Jay Rayner 

Restaurant review: Hawksmoor Air Street, London W1

Polished service, properly cooked meat and dizzying desserts: the new Hawksmoor doesn't miss a beat, says Jay Rayner
  
  

Hawksmoor restaurant, Air Street, Piccadilly, London
“Poirot would be happy here”: the burnished interior of Hawksmoor Air Street. Photograph: Sophia Evans for the Observer Photograph: Sophia Evans/Observer

5a Air Street, London W1 (020 7406 3980).
Meal for two, including wine and service: £150

If a city gets the restaurants it deserves then London has clearly been a very good girl of late. At Hawksmoor Air Street even something as simple as the anchovy hollandaise gets me excitable. You could easily slip into a hotel room with a sauce boat of that and a consenting adult and lose a whole afternoon. It's luscious and just one of many thrills in an extraordinarily assured opening. Of course, the Hawksmoor team should know what they're doing by now. The restaurants that have preceded this – in Shoreditch, Seven Dials and Guildhall – have proved that it's possible to dedicate a kitchen to seared bits of aged cow without assuming a faux American accent; that there really is such a thing as a British steak house.

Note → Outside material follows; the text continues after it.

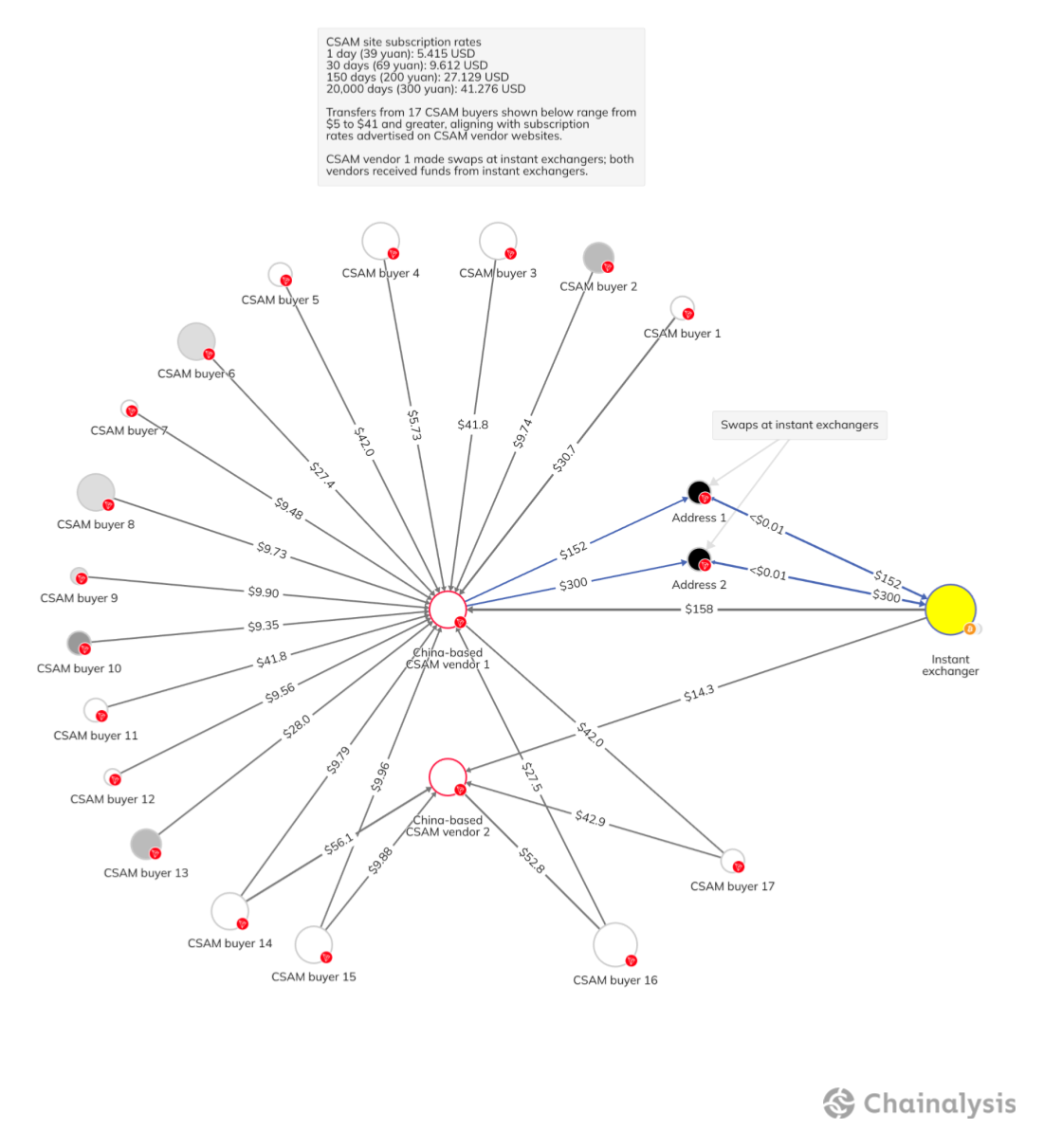 The amount transferred to vendors from buyers' wallets also signals the type of material they are buying. Buyers can get access to CSAM material for as low as $5 and given that distribution is free on the Internet, this creates a long-term vicious cycle of exploiting children. These vendors are off-ramping using instant exchanges which is another type of non-custodial exchange.
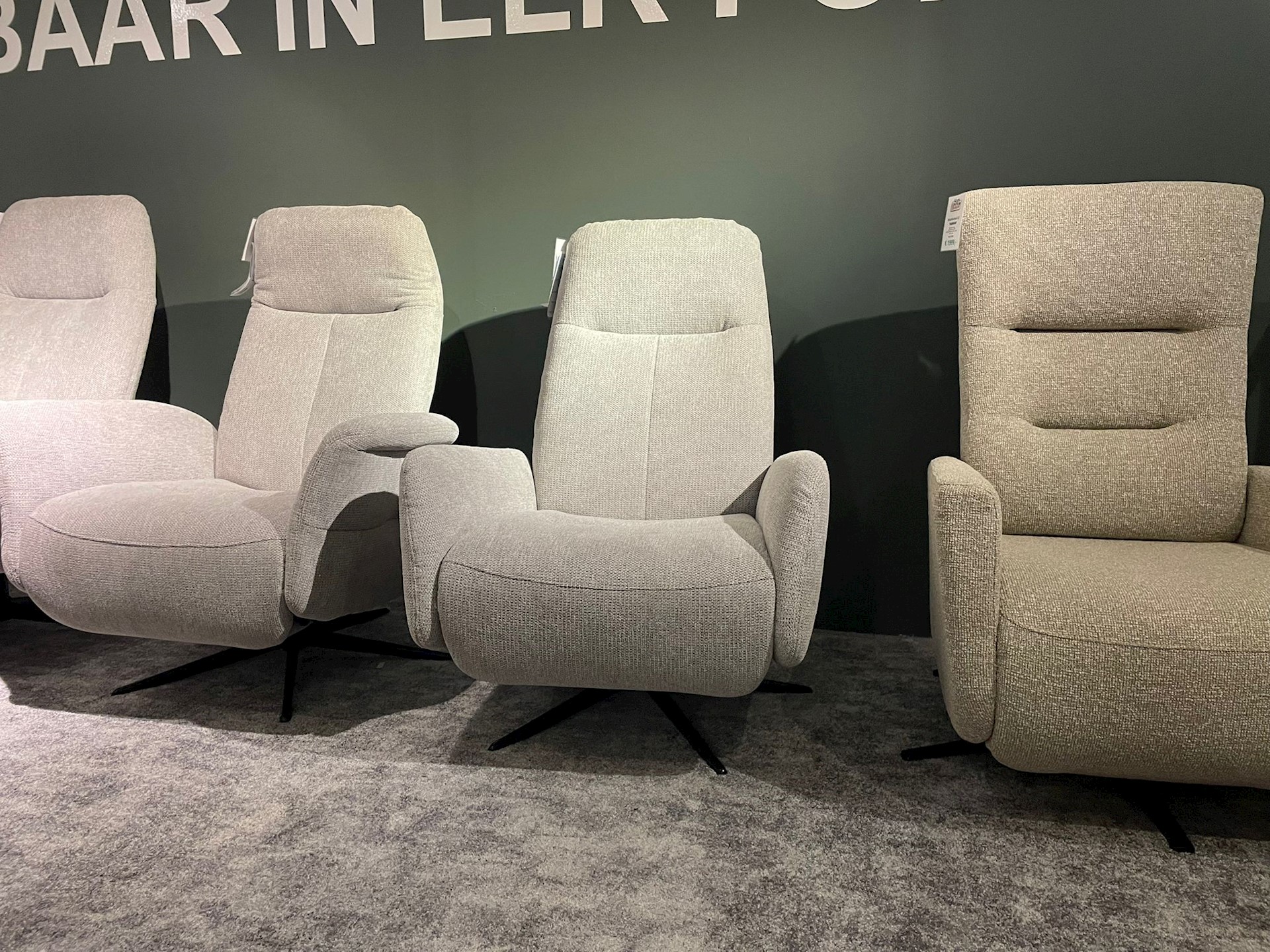 Dit is de mooie relaxfauteil 8150. Hij is leverbaar in diverse afmetingen en met een handmatige of elektrische bediening. Het showroom model heeft een handmatige bediening.

This new outpost adds fish to the repertoire. It occupies a grand curve on the first floor of a Regent Street terrace previously plagued by unworthy businesses. There was the grim pan-Asian tapas joint Cocoon – they should have stopped at the first syllable of the name – followed by a "sustainable" sushi place that lasted just months. Now it has been transformed. It is pure Art Deco, from the beautiful leaded windows to the polished wood veneer and the banquettes. Poirot would be happy here. Then there is the floor. There is no more parquet to be had in Britain. It's all in Hawksmoor Air Street.

What really matters is the menu. There are still their superb steaks, available in cuts from "reasonable", through "bring a friend" to "bigger than your head", seared by a kitchen that understands the ways of meat. There are the glories of bone-marrow gravy, a proper frothy béarnaise served still just warm, and that absurdly good anchovy hollandaise. Their triple-cooked chips are all snap and crunch and sigh. But what lifts this Hawksmoor is the fishy element, put together with the assistance of Mitch Tonks (of the OFM award-winning Seahorse in Dartmouth), who has helped them to negotiate the rapids of sustainability.

The result is everything you would want it to be and quite a bit more. There are queenie scallops, lightly battered and deep fried and served with a coarse tartar sauce. This is pimped finger food: the £8 serving is generous, but I could still have devastated another bowl full. Brixham crab on toast with their own mayonnaise is fresh and sweet and shell-free. We find ourselves humming happy tunes at our starters.

Alongside our 400g rib eye we get the "roast shoulder" of turbot. It's a stonkingly good tranche of fish, roasted on the bone then finished over the grill to give a light char, and clearly comes from a large animal, which is as it should be. The big fish, which have had their chance at replenishing the population, are the most sustainable option. Alongside this we order a side of Jansson's temptation, a Swedish dish, interleaving scalloped potatoes with salted fish, onions and cream, and then long cooked. It's what greedy Swedes do on endless dark nights. I'm not complaining that it's made here with salted anchovies.It's the best version I've ever tried. You could invite it into the hotel room along with the anchovy hollandaise. We finish with their peanut-butter shortbread with salted caramel ice cream – it was a light lunch – and a champagne jelly with grapefruit and orange, and a mandarin foam. At the end they bring salted caramel "Rolos" made with properly tempered chocolate that snaps to reveal the gooey innards. The mayor's office should denote these a London landmark.

You will pay for this. You will pay the sort of money that will make you gulp. And yet I would still call it value and argue that the removal of stupidities like thick napery and over-heavy glassware simply adds to the experience. (That said, the wine list does begin below £20 a bottle and has good choices by the glass.) Like everyone who does my job, I am regularly criticised for not getting out of London enough; I run at about 45% outside and often find good things. But the fact is that nowhere else in Britain could support a restaurant of this quality. I suppose I could lie about that, to protect regional pride, but really, what's the point? So save up, for as long as it takes. Book a night in the smoke. Eat here. It's worth it.